Assignment
Excluding pictures, retype exactly the lines from the one with "指標(biāo)排序、復(f" through the end of the records that follow.

[Start of section]

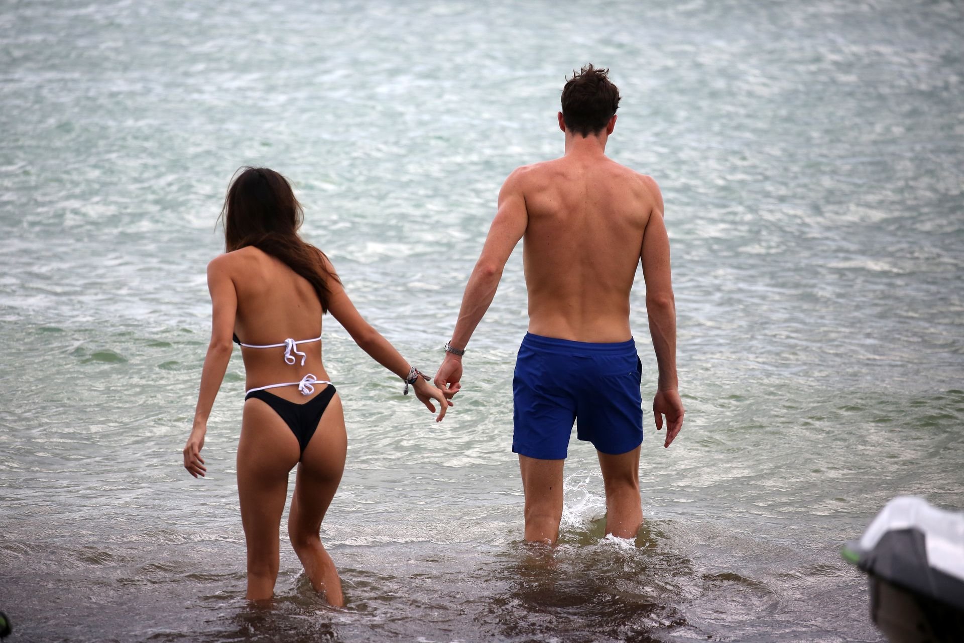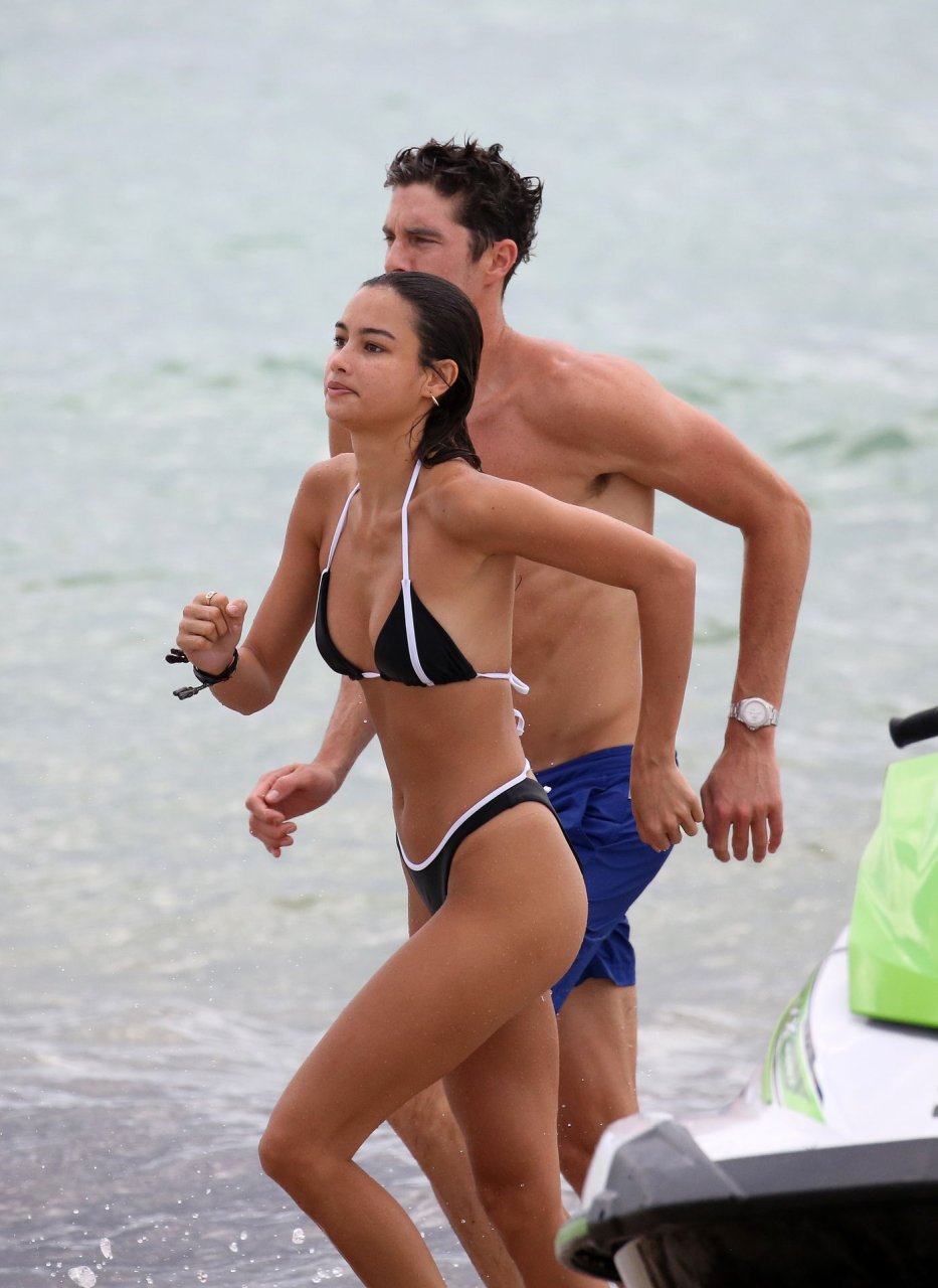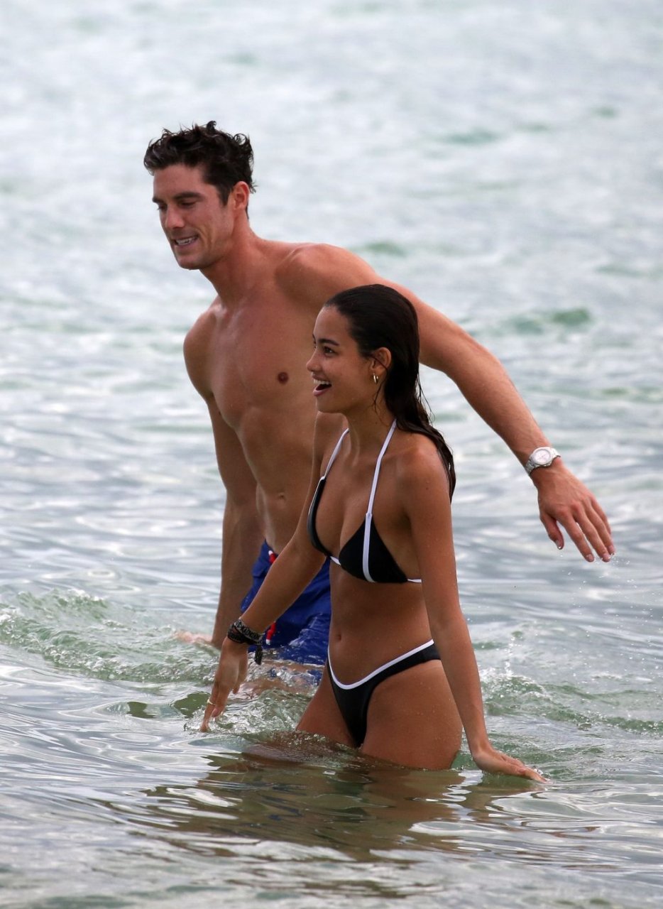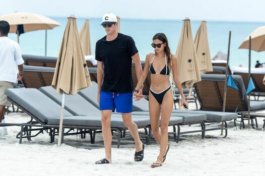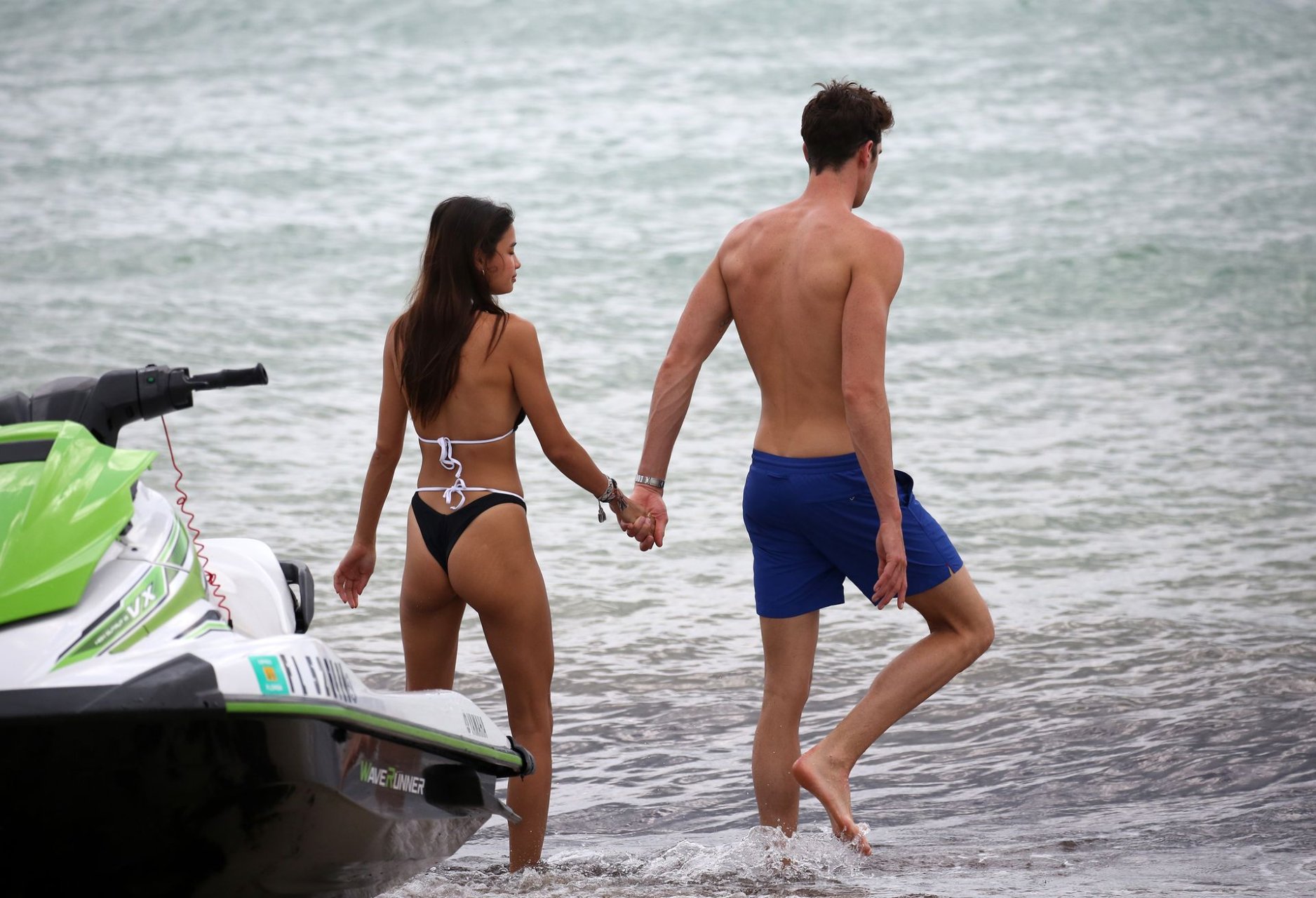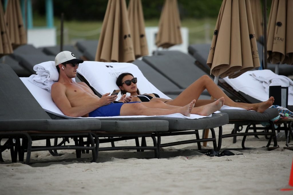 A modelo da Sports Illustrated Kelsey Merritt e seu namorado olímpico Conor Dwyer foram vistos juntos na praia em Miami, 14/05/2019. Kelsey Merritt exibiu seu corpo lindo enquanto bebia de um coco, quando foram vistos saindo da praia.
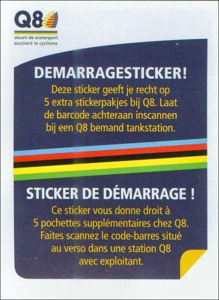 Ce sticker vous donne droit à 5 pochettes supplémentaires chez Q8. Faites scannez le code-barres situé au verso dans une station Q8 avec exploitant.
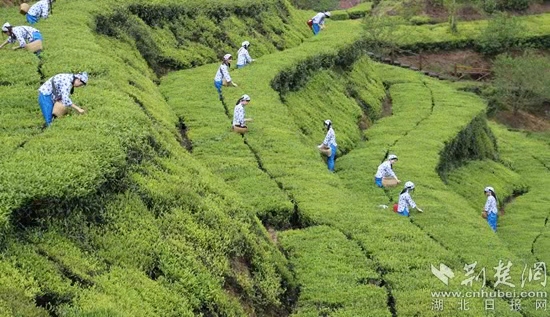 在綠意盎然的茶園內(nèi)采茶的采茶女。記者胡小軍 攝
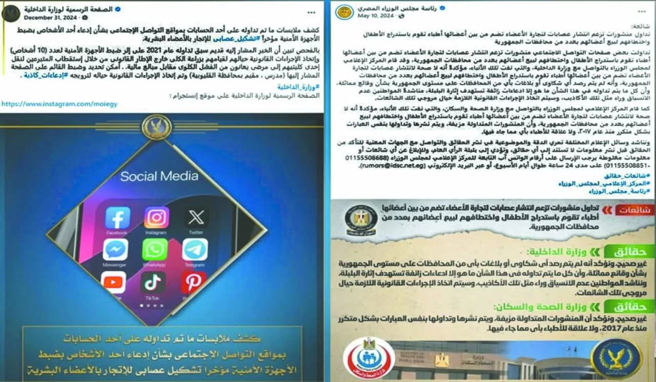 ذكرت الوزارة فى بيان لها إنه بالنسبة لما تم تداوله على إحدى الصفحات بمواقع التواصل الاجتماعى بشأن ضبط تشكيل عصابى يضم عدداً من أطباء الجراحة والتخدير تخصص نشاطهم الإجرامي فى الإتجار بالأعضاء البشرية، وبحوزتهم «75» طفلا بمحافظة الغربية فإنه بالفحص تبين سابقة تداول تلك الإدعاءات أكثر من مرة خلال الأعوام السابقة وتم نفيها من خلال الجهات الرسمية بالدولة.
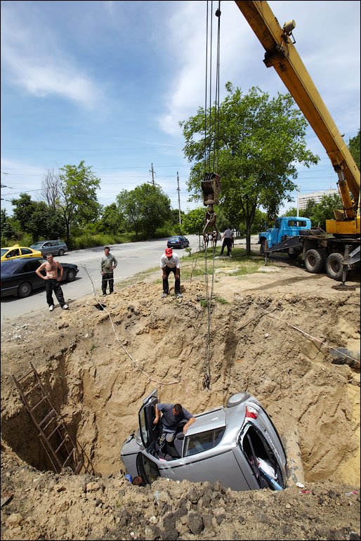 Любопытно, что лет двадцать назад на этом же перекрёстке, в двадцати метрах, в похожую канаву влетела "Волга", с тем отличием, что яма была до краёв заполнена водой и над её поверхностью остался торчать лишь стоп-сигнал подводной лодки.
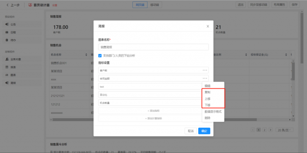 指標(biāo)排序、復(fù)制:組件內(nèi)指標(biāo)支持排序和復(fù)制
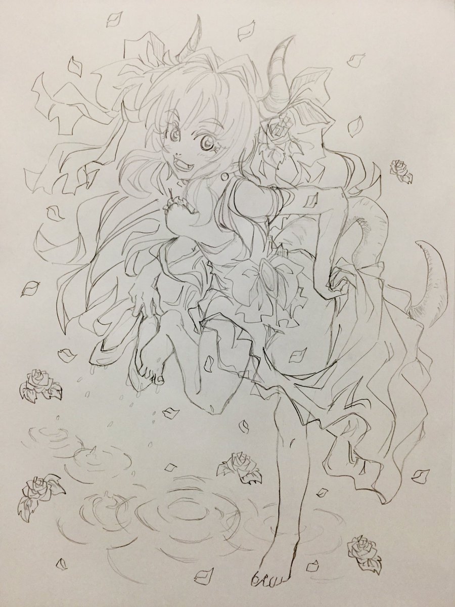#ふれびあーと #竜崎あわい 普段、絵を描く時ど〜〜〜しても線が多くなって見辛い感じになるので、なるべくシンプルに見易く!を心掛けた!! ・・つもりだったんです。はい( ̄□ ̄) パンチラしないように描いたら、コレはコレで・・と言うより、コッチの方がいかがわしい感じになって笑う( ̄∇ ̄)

[End of section]

Your solution
 指標(biāo)排序、復(fù)制:組件內(nèi)指標(biāo)支持排序和復(fù)制
#ふれびあーと #竜崎あわい 普段、絵を描く時ど〜〜〜しても線が多くなって見辛い感じになるので、なるべくシンプルに見易く!を心掛けた!! ・・つもりだったんです。はい( ̄□ ̄) パンチラしないように描いたら、コレはコレで・・と言うより、コッチの方がいかがわしい感じになって笑う( ̄∇ ̄)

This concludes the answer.